Task statement: Only the lines below from the one containing "(2.) Turnerdenkmal |" through the one containing "Madeira Beach, Florida, Tall" belong in the answer, set down exactly, with the pictures left out.

*** Stored data Section Begins ***

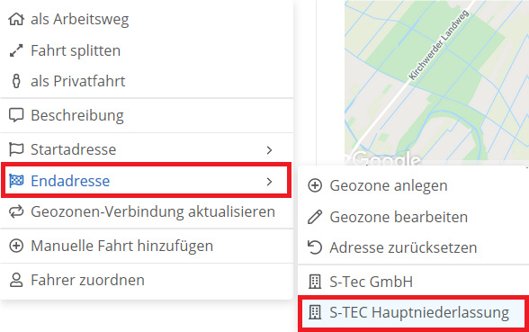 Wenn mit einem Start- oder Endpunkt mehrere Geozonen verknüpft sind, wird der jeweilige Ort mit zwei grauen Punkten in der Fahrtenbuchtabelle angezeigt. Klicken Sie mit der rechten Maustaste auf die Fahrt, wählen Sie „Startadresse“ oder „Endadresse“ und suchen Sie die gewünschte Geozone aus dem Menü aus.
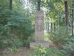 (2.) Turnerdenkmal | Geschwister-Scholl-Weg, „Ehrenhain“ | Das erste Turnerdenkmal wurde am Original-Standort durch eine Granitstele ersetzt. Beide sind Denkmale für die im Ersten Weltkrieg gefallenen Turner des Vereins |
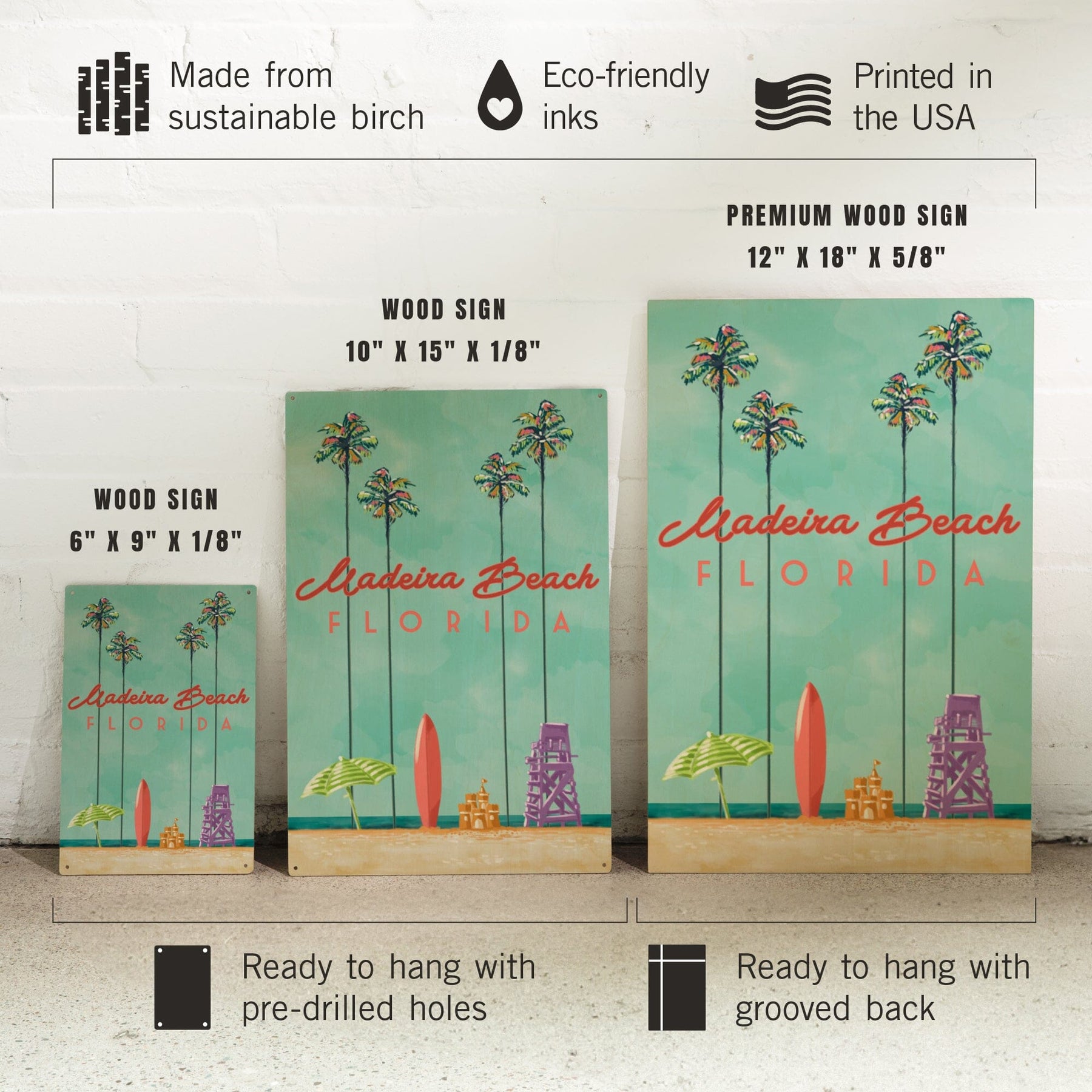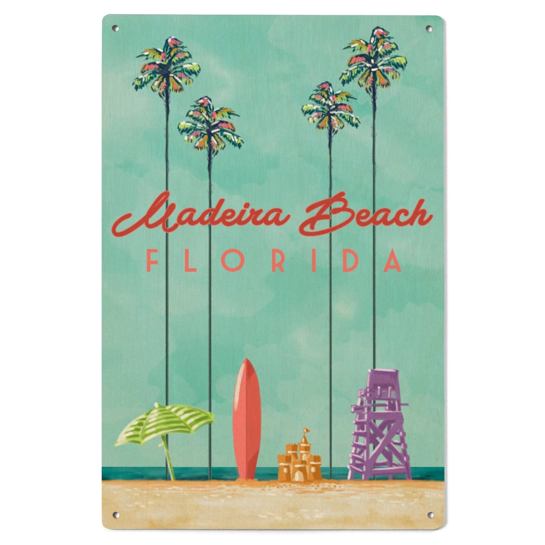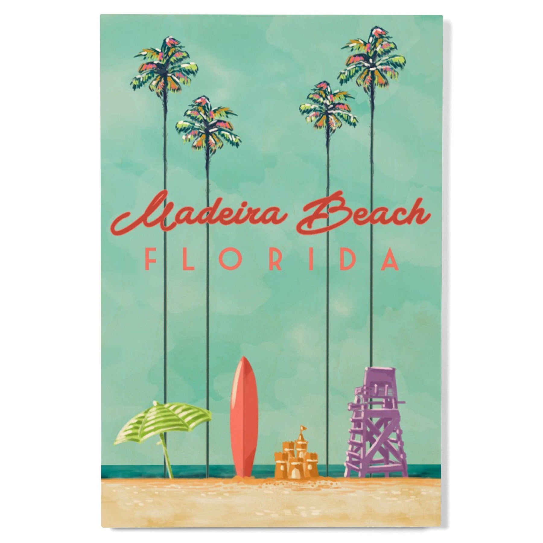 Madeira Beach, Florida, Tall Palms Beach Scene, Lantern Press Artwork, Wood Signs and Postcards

*** Stored data Section Ends ***
*** Stored data Section Begins ***

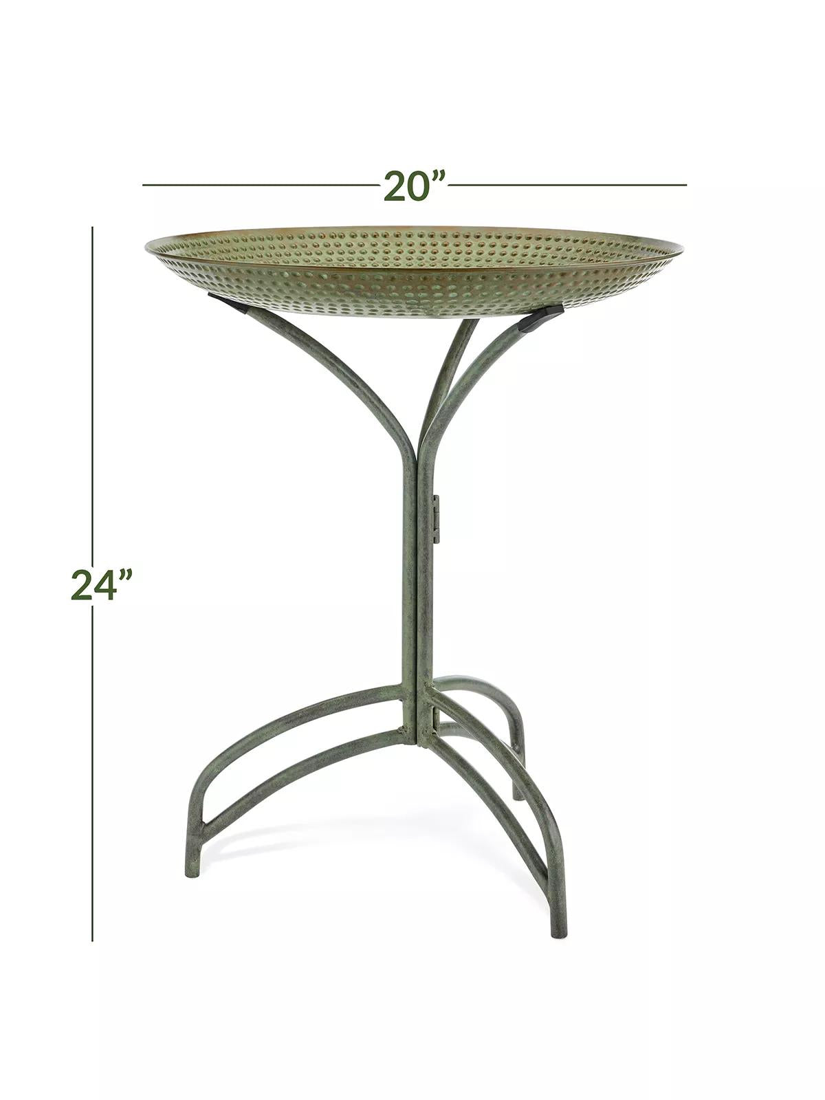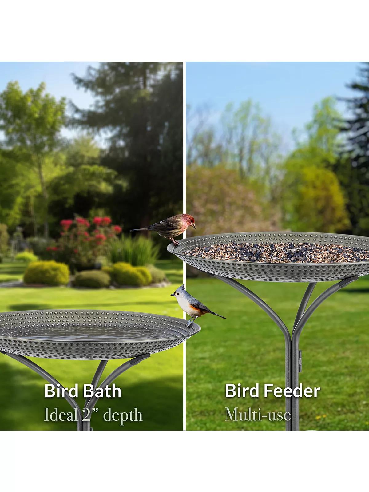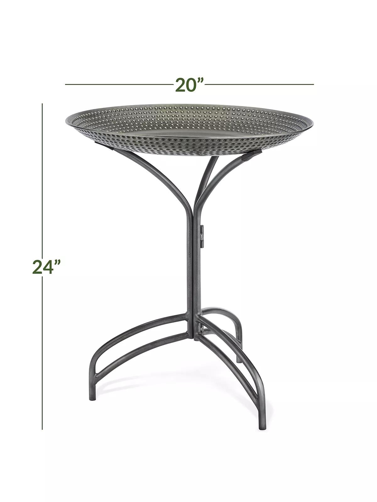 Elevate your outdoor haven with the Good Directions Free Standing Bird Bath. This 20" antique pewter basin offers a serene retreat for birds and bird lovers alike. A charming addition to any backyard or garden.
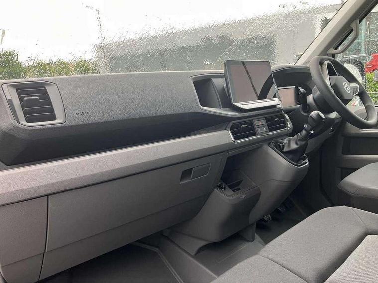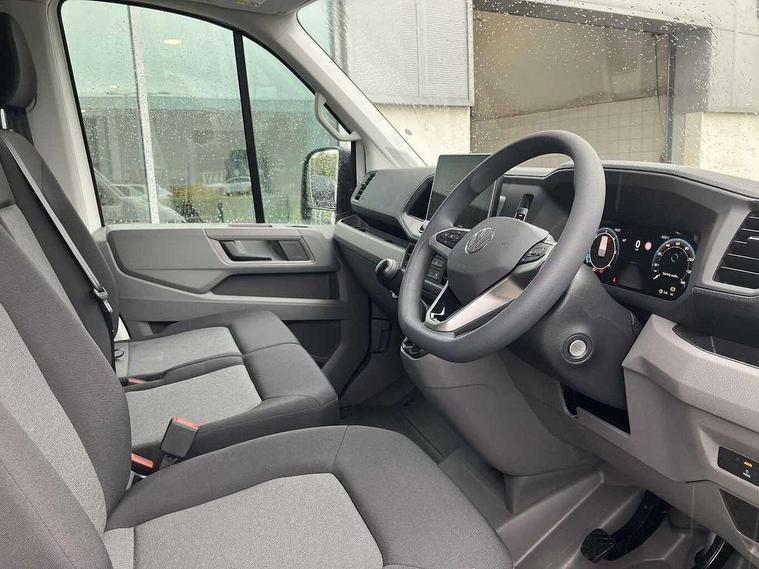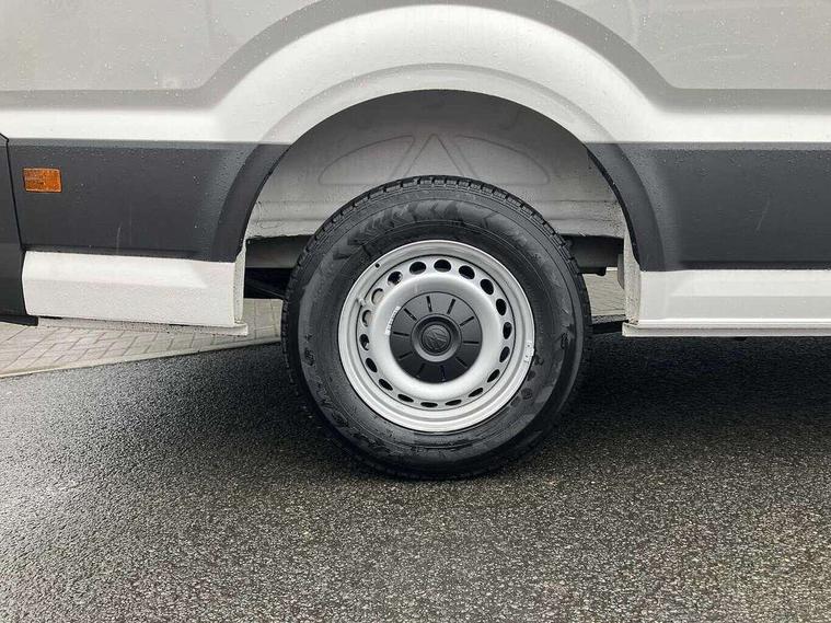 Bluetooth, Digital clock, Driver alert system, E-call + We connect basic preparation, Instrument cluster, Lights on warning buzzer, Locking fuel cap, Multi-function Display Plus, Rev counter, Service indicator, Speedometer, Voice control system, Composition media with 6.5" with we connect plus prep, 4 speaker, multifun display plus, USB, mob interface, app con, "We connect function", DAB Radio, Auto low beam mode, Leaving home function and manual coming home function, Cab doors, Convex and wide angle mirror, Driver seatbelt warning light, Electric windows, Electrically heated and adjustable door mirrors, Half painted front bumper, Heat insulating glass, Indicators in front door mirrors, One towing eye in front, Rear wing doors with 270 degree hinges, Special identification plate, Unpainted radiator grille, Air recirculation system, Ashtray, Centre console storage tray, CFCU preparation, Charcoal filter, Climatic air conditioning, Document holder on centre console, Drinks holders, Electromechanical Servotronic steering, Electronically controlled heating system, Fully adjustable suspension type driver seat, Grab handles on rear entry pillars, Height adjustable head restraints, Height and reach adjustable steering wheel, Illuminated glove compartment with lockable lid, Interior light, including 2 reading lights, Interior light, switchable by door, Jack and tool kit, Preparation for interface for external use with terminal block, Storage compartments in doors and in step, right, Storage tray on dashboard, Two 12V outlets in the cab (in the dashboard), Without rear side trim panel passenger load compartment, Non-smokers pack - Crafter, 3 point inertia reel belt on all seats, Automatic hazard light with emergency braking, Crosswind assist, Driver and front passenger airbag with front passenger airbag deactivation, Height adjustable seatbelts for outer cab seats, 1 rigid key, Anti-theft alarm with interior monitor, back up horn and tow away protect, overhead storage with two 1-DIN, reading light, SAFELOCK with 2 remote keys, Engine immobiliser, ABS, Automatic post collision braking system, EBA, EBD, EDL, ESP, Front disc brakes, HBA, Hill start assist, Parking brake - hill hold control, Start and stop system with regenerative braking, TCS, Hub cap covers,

*** Stored data Section Ends ***

Exercise solution:
 (2.) Turnerdenkmal | Geschwister-Scholl-Weg, „Ehrenhain“ | Das erste Turnerdenkmal wurde am Original-Standort durch eine Granitstele ersetzt. Beide sind Denkmale für die im Ersten Weltkrieg gefallenen Turner des Vereins |
 Madeira Beach, Florida, Tall Palms Beach Scene, Lantern Press Artwork, Wood Signs and Postcards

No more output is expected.